- [Provided entries]
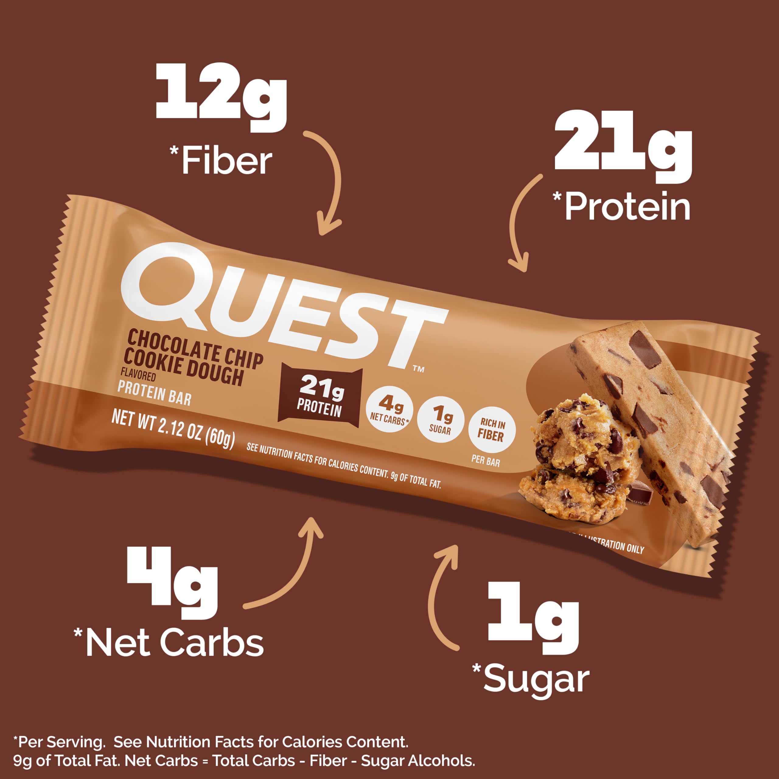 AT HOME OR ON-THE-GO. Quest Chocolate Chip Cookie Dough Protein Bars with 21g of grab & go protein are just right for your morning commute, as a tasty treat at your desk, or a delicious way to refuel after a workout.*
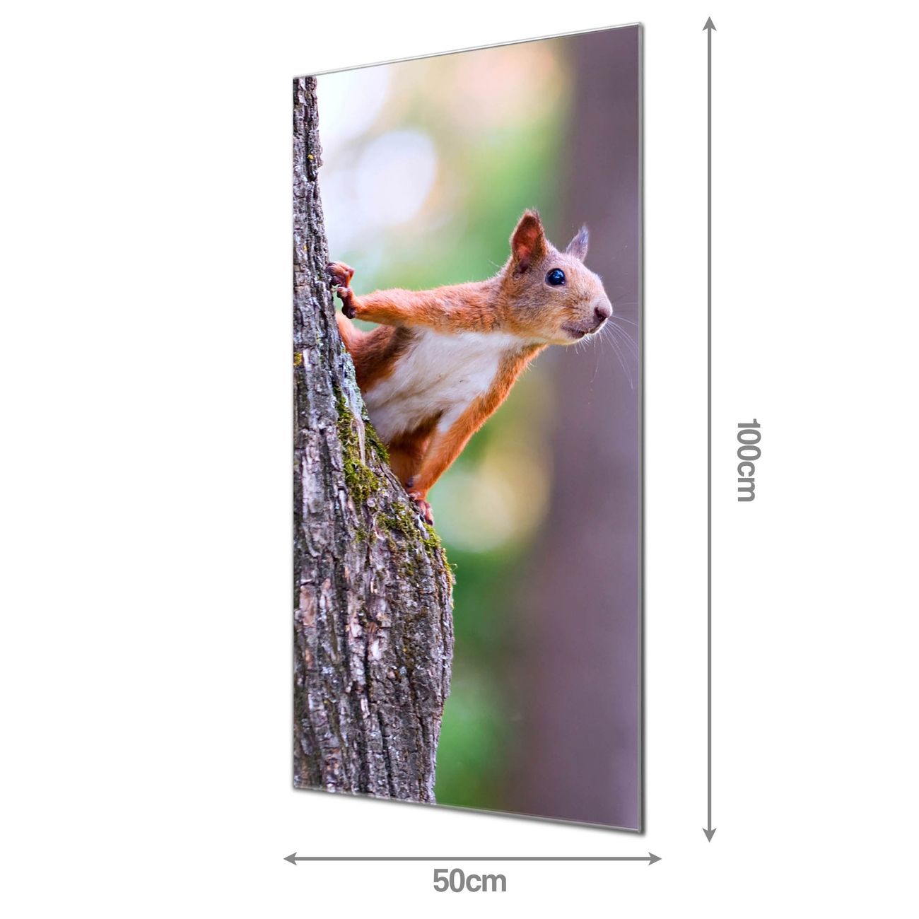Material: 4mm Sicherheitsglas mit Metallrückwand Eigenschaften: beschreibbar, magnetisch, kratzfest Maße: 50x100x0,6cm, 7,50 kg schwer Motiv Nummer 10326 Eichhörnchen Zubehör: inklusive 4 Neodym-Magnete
* * *
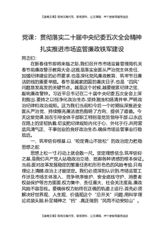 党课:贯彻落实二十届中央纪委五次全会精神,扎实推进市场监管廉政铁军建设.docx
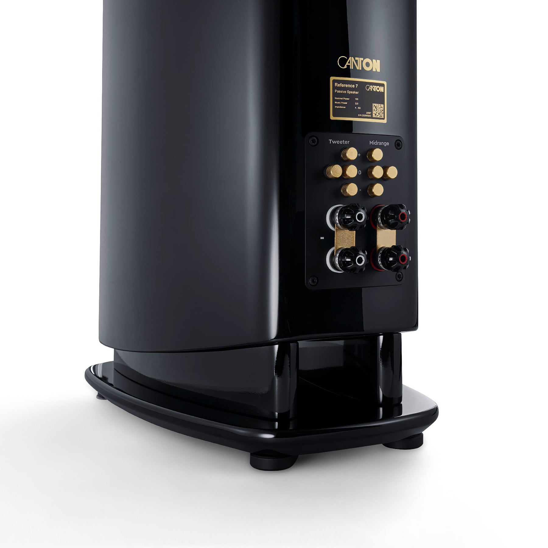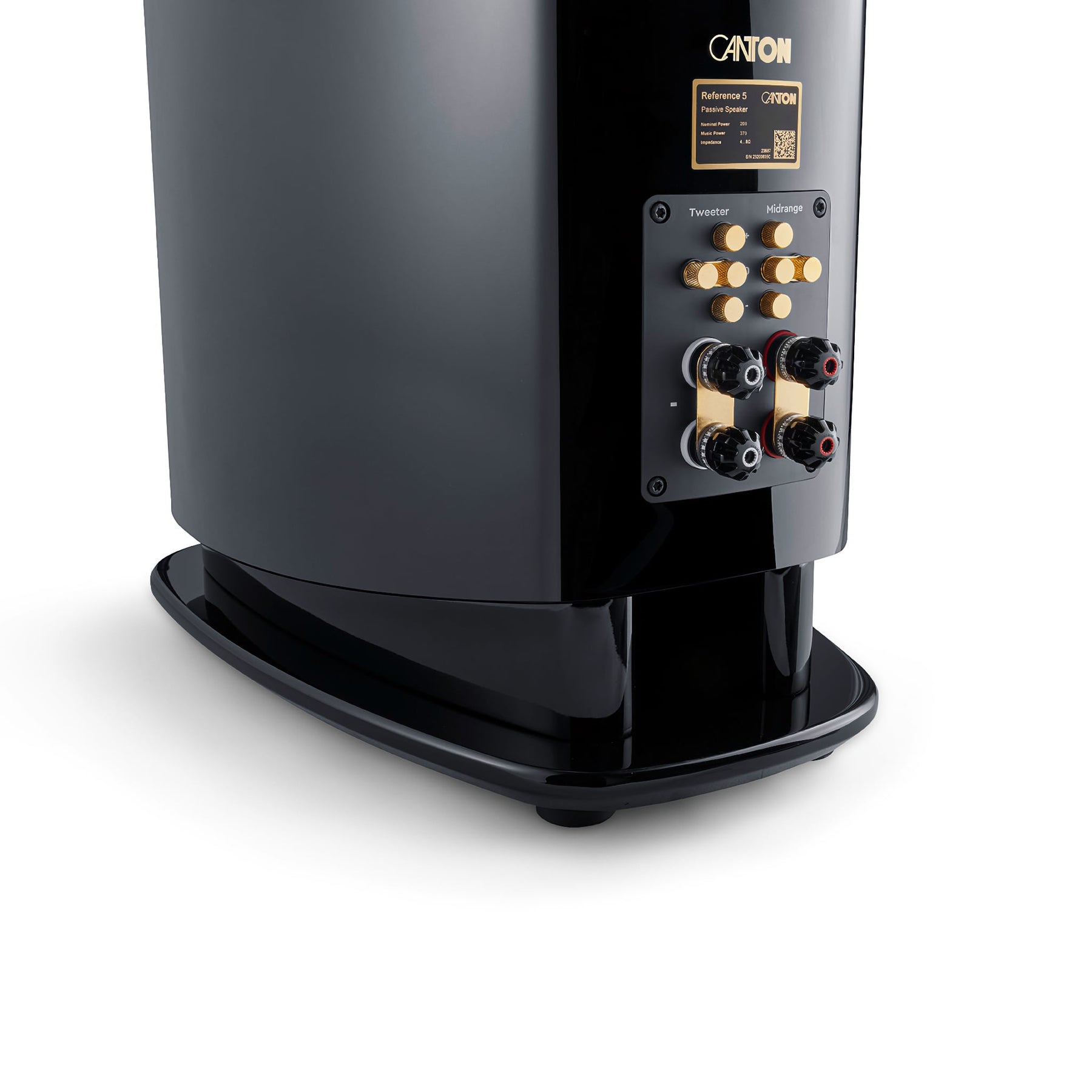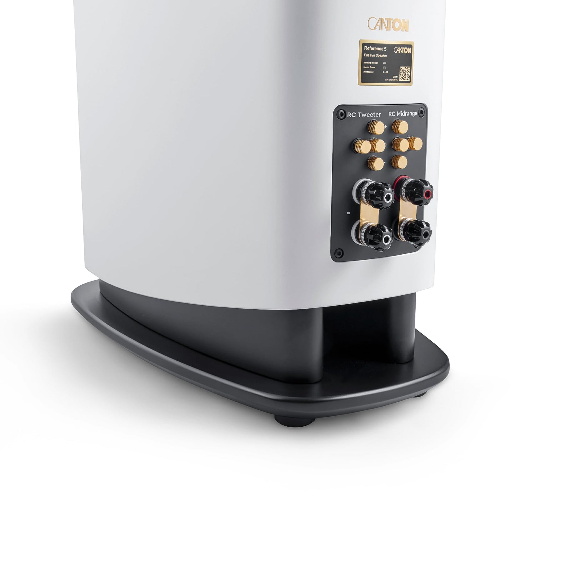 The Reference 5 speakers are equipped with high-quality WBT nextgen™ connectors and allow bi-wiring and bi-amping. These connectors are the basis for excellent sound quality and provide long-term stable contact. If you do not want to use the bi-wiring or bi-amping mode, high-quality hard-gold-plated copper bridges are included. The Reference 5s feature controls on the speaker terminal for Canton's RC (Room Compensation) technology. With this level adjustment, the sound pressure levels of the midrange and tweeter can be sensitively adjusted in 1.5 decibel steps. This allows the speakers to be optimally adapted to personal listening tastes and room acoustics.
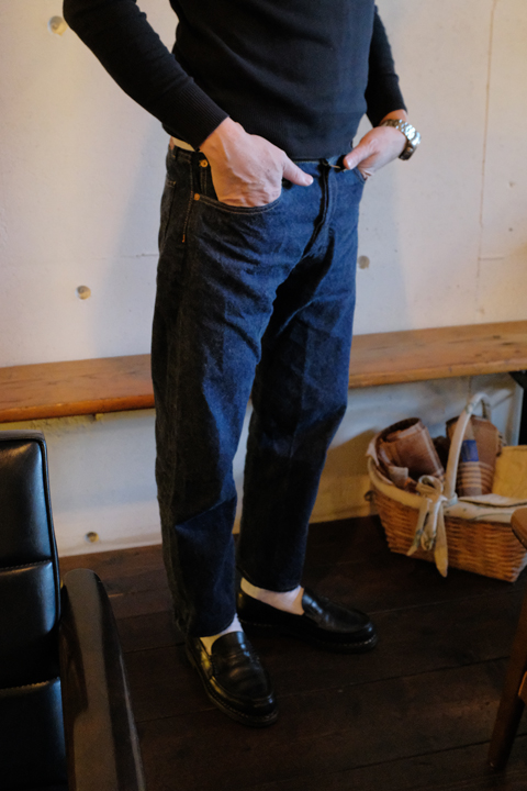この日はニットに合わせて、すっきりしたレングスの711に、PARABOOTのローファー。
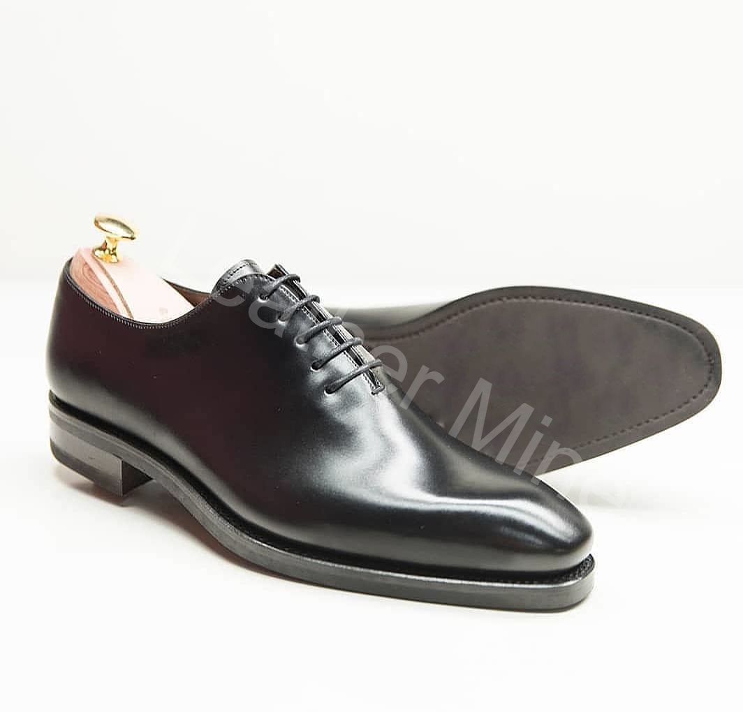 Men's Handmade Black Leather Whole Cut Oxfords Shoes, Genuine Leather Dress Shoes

- [Exercise details] Transcribe only the lines above that start at the line containing "The Reference 5 speakers" and end at the line containing "この日はニットに合わせて、す". Omit pictures.

- [Answer section]
 The Reference 5 speakers are equipped with high-quality WBT nextgen™ connectors and allow bi-wiring and bi-amping. These connectors are the basis for excellent sound quality and provide long-term stable contact. If you do not want to use the bi-wiring or bi-amping mode, high-quality hard-gold-plated copper bridges are included. The Reference 5s feature controls on the speaker terminal for Canton's RC (Room Compensation) technology. With this level adjustment, the sound pressure levels of the midrange and tweeter can be sensitively adjusted in 1.5 decibel steps. This allows the speakers to be optimally adapted to personal listening tastes and room acoustics.
この日はニットに合わせて、すっきりしたレングスの711に、PARABOOTのローファー。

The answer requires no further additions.